My pet is on a grain free (or a raw food) diet, so it can’t be food allergies, right?

The short answer to this very common question is “WRONG!”  Unfortunately, there has been a  great deal of misinformation in regards to commercial based diets vs grain free or raw food diets.  There has been a push by some to feed more of a raw food diet.  Raw food diets can potentially be unbalanced, thus not providing the right nutrition for the health of your pet or could potentially be contaminated with harmful organisms, resulting in your pet acquiring an infectious disease.  Grains have gotten a bad rap in the last few years, and although they can cause food allergies, they are lower on the list of likely suspects. Additionally, grain free and raw food diets have been linked to an increased risk in dilated cardiomyopathy, a heart disease, in some dogs.

Most often the offending food allergy is to an animal protein such as beef, chicken, dairy or fish, no matter how processed or “unprocessed” (i.e. raw) a food is.  Food allergy, much like environmental allergies, can cause variable degrees of itching/chewing, recurrent skin and ear infections and occasionally gastrointestinal problems (loose stool, vomiting).  Food allergy is often a very frustrating diagnosis to make as veterinarians have to ask their owners to please stop feeding their pet’s current diet and all their treats.  In order to perform a good food trial to rule in or out a food allergy, it is imperative that the trial be strict.  Although the more common offending ingredients in your pet’s diet are animal protein-based, the possibilities of other ingredients are likely as well due to the varied nature of our pets’ foods and treats, and there is no way of knowing which ingredient might be the one contributing to a food allergy.
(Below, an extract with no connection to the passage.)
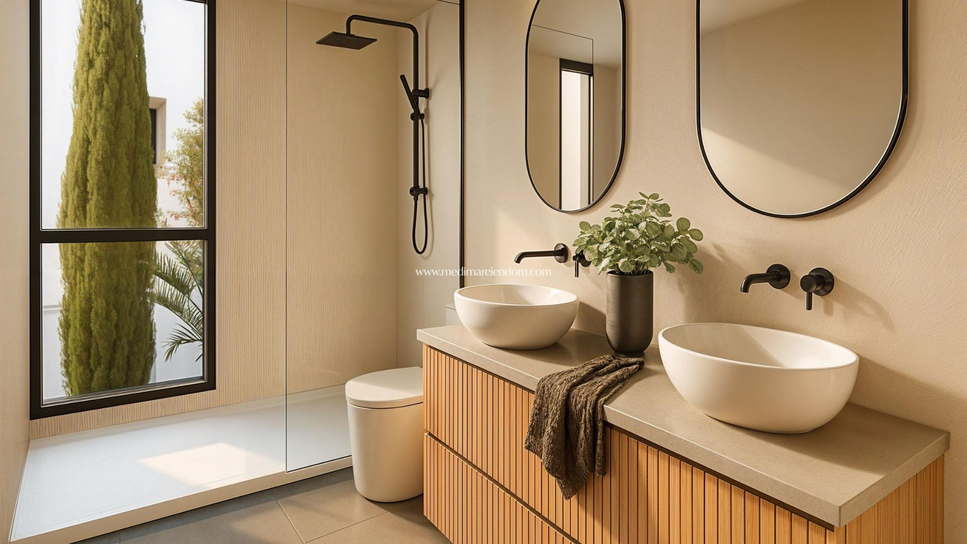 Nýbyggðar einbýlishús í Santa Rosalia Lake and Life Resort – Einstök búseta í Murcia. Frábær staðsetning nálægt Mar Menor. Þessar nýbyggðu einbýlishús eru staðsett í virta Santa Rosalia Lake and Life Resort, lokuðu og lokaðu hverfi í Murcia-héraði. Umkringt fyrsta flokks golfvöllum og aðeins 4 km frá gullnum ströndum Mar Menor, býður þróunin upp á fullkomna blöndu af næði, náttúru og lúxuslífi. Líflegi strandbærinn Los Alcázares er aðeins í 5 mínútna akstursfjarlægð, en sögufræga borgin Cartagena er í 15 mínútna fjarlægð. Alþjóðaflugvöllurinn í Murcia er í um 22 km fjarlægð, sem tryggir auðveldan aðgang frá helstu evrópskum borgum. Nútímalegar einbýlishús hannaðar með þægindi í huga. Hver einbýlishús er með nútímalega, opna hönnun með 3 svefnherbergjum, 2 baðherbergjum og gestasalerni. Björt og rúmgóð stofa sameinar fullbúið eldhús með borðstofu og setustofu, sem liggur út í landslagaðan einkagarð með sundlaug. Einkabílastæði utan vega er einnig innifalið. Á neðri hæðinni er 136 fermetra fullbúinn kjallari með sléttum veggjum, vatns- og rafmagnstengingum sem býður upp á fjölhæft rými fyrir viðbótar svefnherbergi, skrifstofu, líkamsræktarstöð, kvikmyndahús eða leiksvæði fyrir börn. Hágæða frágangur og sjálfbærir eiginleikar. Athygli á smáatriðum er augljós í öllum þáttum þessara heimila. Meðal hápunkta eru styrkt öryggishurð, vélknúnar gluggatjöld í svefnherbergjum, innbyggðir fataskápar og eldhús með tækjum. Sjálfbær lífsstíll er tryggður með sex uppsettum sólarsellum. Garðurinn er fullbúinn með gervigrasi, pálmatrjám, sjálfvirkri áveitu og skrautlegum runnum. Skilvirkt loftræstikerfi tryggir þægindi allt árið um kring. Santa Rosalia Lake and Life Resort – Oasis í karabískum stíl. Dvalarstaðurinn státar af 126.000 fermetra af fallega landslaguðum grænum svæðum með göngu- og hjólastígum, íþróttamannvirkjum, paddle- og tennisvöllum, minigolfi, hundagarðum, afþreyingarsvæðum og félagsheimili. Miðpunkturinn er stórkostleg 17.000 fermetra kristaltær lón með hvítum sandströndum og pálmatrjám, sem skapar sanna karabíska stemningu. Tvær eyjar bjóða upp á afþreyingarsvæði, þar á meðal bar og heillandi strandklúbba dreifða umhverfis vatnið. Tilvalið fyrir slökun, íþróttir og fjárfestingu. Þessi einstaka þróun er fullkomin fyrir þá sem leita að aðalbústað, frístundahúsi eða fjárfestingu með mikilli ávöxtun. Staðsetningin býður upp á auðveldan aðgang að menningar-, matar- og afþreyingarstöðum, sem gerir það að einstökum valkosti fyrir fjölskyldur og golfáhugamenn. Hafðu samband við okkur í dag til að tryggja þér nýja einbýlishús í Santa Rosalia Lake and Life Resort og byrja að njóta Miðjarðarhafslífsstílsins.

The other challenge we face is the type of food trial to be performed.  The “gold-standard” food trial is a home cooked diet.  That being said, in today’s busy world, as we often find it hard to cook our own meals, how are we going to find time to cook for an 80 pound lab with an insatiable appetite? Fortunately we have several commercial diets available.   One approach is to feed a “limited ingredient” diet that is limited in the number of proteins and carbohydrates in the food and contains a “novel” protein (one the pet hasn’t eaten before).  Although, not every limited ingredient is equal!  Unfortunately it has been discovered that proteins can have cross-reactions with other related proteins.  For example, for those animals allergic to beef, they may have reactions to venison, buffalo, lamb etc, (those with chicken allergy to duck and other poultry) even if they haven’t eaten that protein before.  Some recent studies of various “limited ingredient” over-the-counter diets have discovered cross-contamination with additional proteins that occurs during processing, so, in short, these diets are not so limited.  Wow, with all this, what diets are out there?  We have several prescription diets that have very unique proteins (kangaroo, rabbit) and are manufactured and tested to guarantee no cross-contamination.  There are also options of hydrolyzed diets whereby the single protein source is broken down to a smaller size, decreasing the allergenic potential of the diet.  Although these diets are more expensive than the over-the-counter diets, our goal is to try to determine if your pet is food allergic or not, and if we do have a food allergy, we will try to work with you and your pet to determine what ingredient it is so we can hopefully avoid it or at least try to find an over-the-counter diet that doesn’t cause your pet to keep you up at night scratching.